No matter. He had the next best thing to an ammo dump in the small backpack slung over his shoulder: a brace of oxyacetylene tanks, nearly full.
Moving down an old spiral staircase, he paused to listen. The immense size of the fortress and its echoing passageways had proven a godsend, broadcasting the stomp of approaching boots. Indeed, Pendergast had been surprised at the blundering nature of the troops involved in the fortress’s defense, their reactive thinking, their lack of strategy. It was the one detail that didn’t feel quite right to him.
Still, he intended to take advantage of it as long as he could.
Moving still deeper into the older levels of the fortress, he found a tunnel that ran along the inside of the outer perimeter wall. He moved along it, briefly shining the flashlight on the masonry, testing the joints with the point of the purloined knife. The mortar was as rotten as wet soil, but the blocks here were well dressed and fitted together too tightly to be shifted. In some areas there were cracks in the masonry, but they were too small to be serviceable, and the masonry too stable for his purposes.
As he descended to the next level, pausing to listen from time to time, he passed a series of locked, stainless-steel doors set into the inner wall, relatively new doors retrofitted to what had probably once been the dungeons of the fortress, now apparently converted into laboratories. Several of the steel doors were wide open, lights still burning within the labs, giving every impression of having been hurriedly abandoned by the working scientists—perhaps at the sound of gunfire.

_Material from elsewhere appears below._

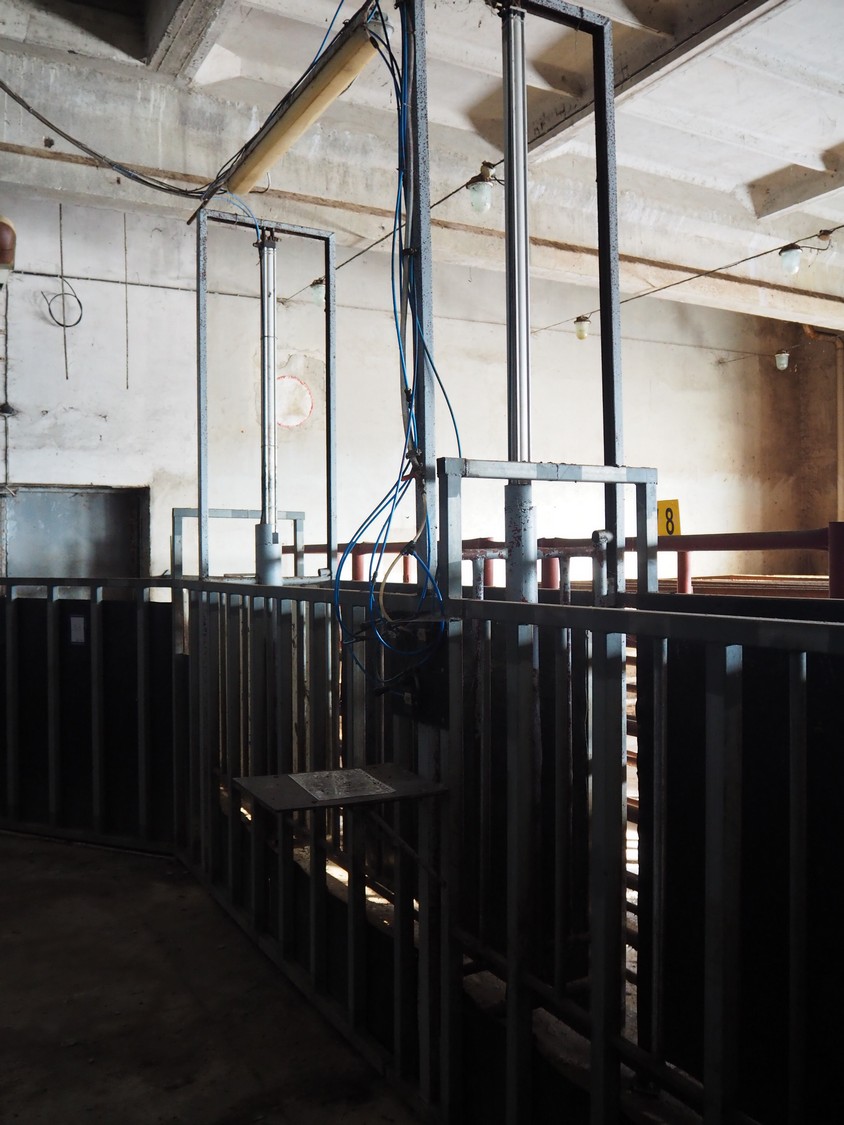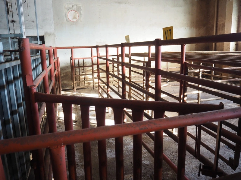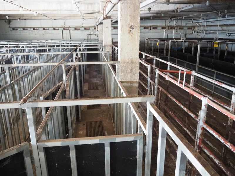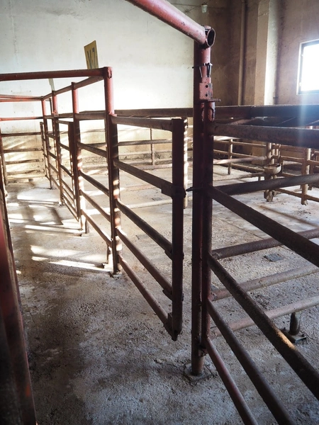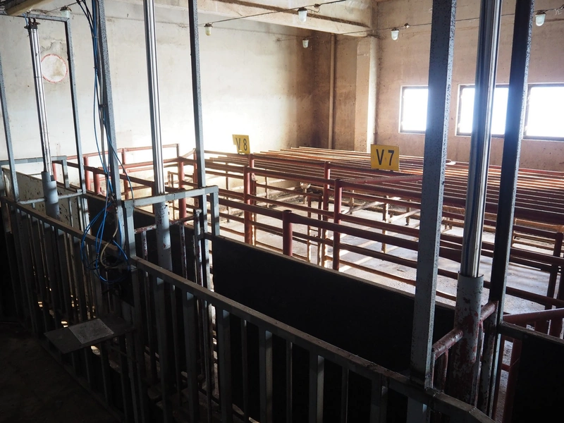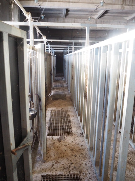 Nakkilan Konepaja OY stables for cattle, steel construction, 9 rows, total dimensions: 15000 mm x 35000 mm.

Just beyond the series of doors, he found what he was looking for. In the outer foundation wall, a series of large cracks ran upward in a broad radial pattern, with dislocated blocks along their margins. In some places, the cracks were as much as eight to twelve inches broad. The stone floor was similarly cracked. Most interesting. This cracking was not caused by the normal settling of the ground. Just the opposite. Rather, the radial pattern of the cracks implied that a resurgence of the volcano’s caldera floor was taking place—creating massive points of instability that seemed to run right through the base of the twenty-foot-thick curtain wall.

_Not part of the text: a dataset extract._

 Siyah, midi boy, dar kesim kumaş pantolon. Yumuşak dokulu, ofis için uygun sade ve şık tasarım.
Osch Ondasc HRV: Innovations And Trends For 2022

Working fast with the knife, Pendergast first carved away the rotten masonry around a displaced block along the edge of the largest crack, then pried it loose with the point of the pick. By working the block back and forth, he finally managed to slide it out, leaving a gaping hole. Reaching in, he was gratified to find that the interior of the massive wall was traditional eighteenth-century Spanish rubble-core construction, in which dressed stone was used for the facing of the exposed walls, with the large space between filled with loose stones and dirt. Alternating with the knife and the pick, he managed to hollow out a cavity in the rubble large enough to fit the twin cylinders of oxygen and acetylene. Carefully inserting them into place, he checked the wristwatch he had appropriated from one of the guards. If all was going according to schedule, Souza’s men would at this moment be starting to invade the town, preparing to commandeer boats for the assault on the fortress itself. According to the time line they had prepared, in approximately twenty to thirty minutes several boats would land at the island docks, making a diversionary feint, while the boats filled with the main group of Souza’s soldiers would meanwhile be landing in the cove behind the fortress.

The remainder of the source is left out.